If that doesn't work, factory reset.
It's likely caused by an app you recently added or uninstalled.
Think hard before installing any suspect apps or you'll be doing this again.
3rd party launcher and power management apps are prime suspects.
blackhawk said:
If you can access the boot menu try clearing the system cache.
If that doesn't work, factory reset.
It's likely caused by an app you recently added or uninstalled.
Think hard before installing any suspect apps or you'll be doing this again.
3rd party launcher and power management apps are prime suspects.
Click to expand...
Click to collapse
factory reset will end up in deleting all the data I have right.
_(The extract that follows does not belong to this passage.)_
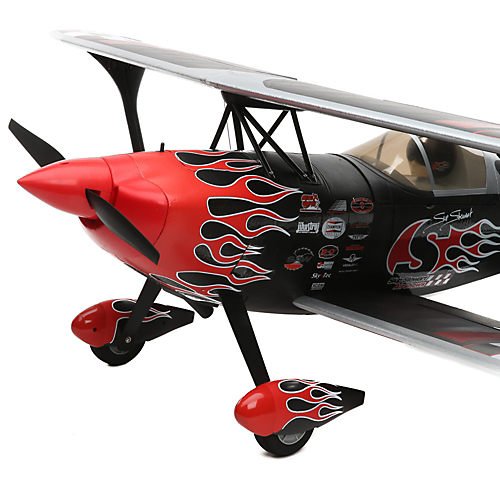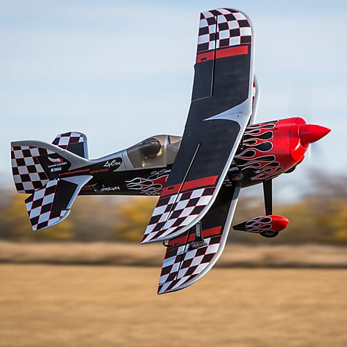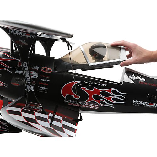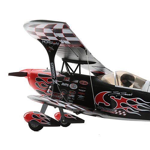 Overview From his performance of the world's smallest loop to being the only air show pilot to combine aerobatics with motocross by flying his P2 Prometheus under a jumping motorcycle, Skip Stewart brings dare-devil creativity to precision aerobatics. Coined "High-Octane Aerobatics," Skip's performances offer an appetizing menu of stunts that blanket the horizon with mind-blowing agility at an energy level that packs airshows around the globe with cheering fans. The E-flite® Carbon-Z® P2 Prometheus aircraft is for aerobatic pilots who want precision in an unlimited biplane with unique character. Based on the custom built P2 Prometheus airplane flown by Skip Stewart, Mike McConville adapted the unique design as a model with performance that's as inspirational as Skip's original. Exclusive Carbon-Z technology allows a healthy sized model such as this to be rigid like a conventional all-wood airframe, yet lightweight so it can have a larger performance envelope than any other biplane in its class 0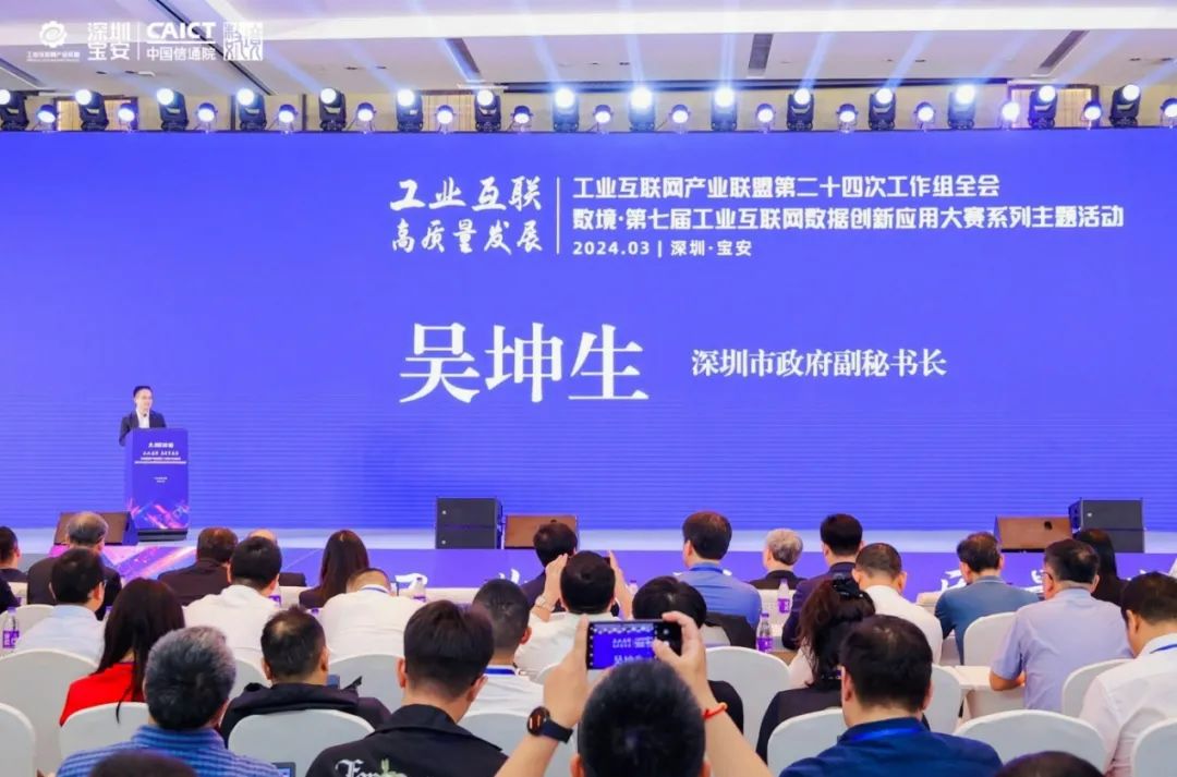 工業互聯網產業聯盟(以下簡稱“聯盟/AII”)第二十四次工作組全會和數境·第七屆工業互聯網數據創新應用大賽主題活動于2024年3月26日在深圳寶安拉開序幕。本次會議由工業互聯網產業聯盟、深圳市寶安區人民政府、中國信息通信研究院聯合主辦。國家制造強國建設戰略咨詢委員會副主任、工業和信息化部原副部長蘇波,工業和信息化部信息通信管理局一級巡視員王鵬,深圳市政府副秘書長吳坤生,寶安區委副書記、區長王立德出席全會第一次全體會議并致辭,中國工程院院士、華中科技大學教授李培根,中國信息通信研究院總工程師魏然,深圳華制智能制造技術有限公司董事長夏妍娜發表主題演講。

I am trying to avoid losing my data.
KAMS.JOSHIS said:
factory reset will end up in deleting all the data I have right. I am trying to avoid losing my data.
Click to expand...
Click to collapse
Yes. You should have had it backed up. Android crashes are very rare but they happen.
You have a SD card slot?
Use it! Use the SD card as a data drive, all critical data goes here. Copies of apps and everything you need to do a complete restore as well.
Only the OS, loaded apps and the download folder go on the internal memory.
Frequently backup the SD card to at least 2 hhds that are physically and electronically isolated from each other and not attached to the PC.
You may be able to get it to boot into Safe Mode to retrieve your data. Don't count of this in the future!
I should also point out that the Android platform should be very stable; any system instability is often the only if any sign you'll get before a crash. Take any signs of instability seriously.
A crash is normally caused by poorly written 3rd party apps including malware. Pre-Pie OS's are suspectable to a rootkit that can't be eliminated by a factory reset. The phone's firmware must be reflashed. Also suspect malware when abnormal behavior is noticed and act fast to limit damage. Any download (including jpegs) or recent apps are suspect.
My current OS load is around a year or older. Still fast and stable. Not one crash. It's heavily but sanely used. This is what Android is capable of.
In 1.5 years I picked off one trojan preloader and an malicious scripted jpeg before they could do any real damage. The former didn't recieve it's needed second download before being discovered and the latter damaged some files in the download folder before being deleted that same day it was downloaded by me. The preloader was an unauthorized browser download, a real nasty one too. Always look over your download folder contents frequently especially after a questionable encounter
Delete any unknown content. Vet files before allowing them into your database from the download folder. Online Virustotal is a useful tool for malware detection in files/apps.
blackhawk said:
I should also point out that the Android platform should be very stable; any system instability is often the only if any sign you'll get before a crash. Take any signs of instability seriously.
A crash is normally caused by poorly written 3rd party apps including malware. Pre-Pie OS's are suspectable to a rootkit that can't be eliminated by a factory reset. The phone's firmware must be reflashed. Also suspect malware when abnormal behavior is noticed and act fast to limit damage. Any download (including jpegs) or recent apps are suspect.
My current OS load is around a year or older. Still fast and stable. Not one crash. It's heavily but sanely used. This is what Android is capable of.
In 1.5 years I picked off one trojan preloader and an malicious scripted jpeg before they could do any real damage. The former didn't recieve it's needed second download before being discovered and the latter damaged some files in the download folder before being deleted that same day it was downloaded by me. The preloader was an unauthorized browser download, a real nasty one too. Always look over your download folder contents frequently especially after a questionable encounter
Delete any unknown content. Vet files before allowing them into your database from the download folder. Online Virustotal is a useful tool for malware detection in files/apps.
Click to expand...
Click to collapse
Thanks for your suggestions blackhawk !!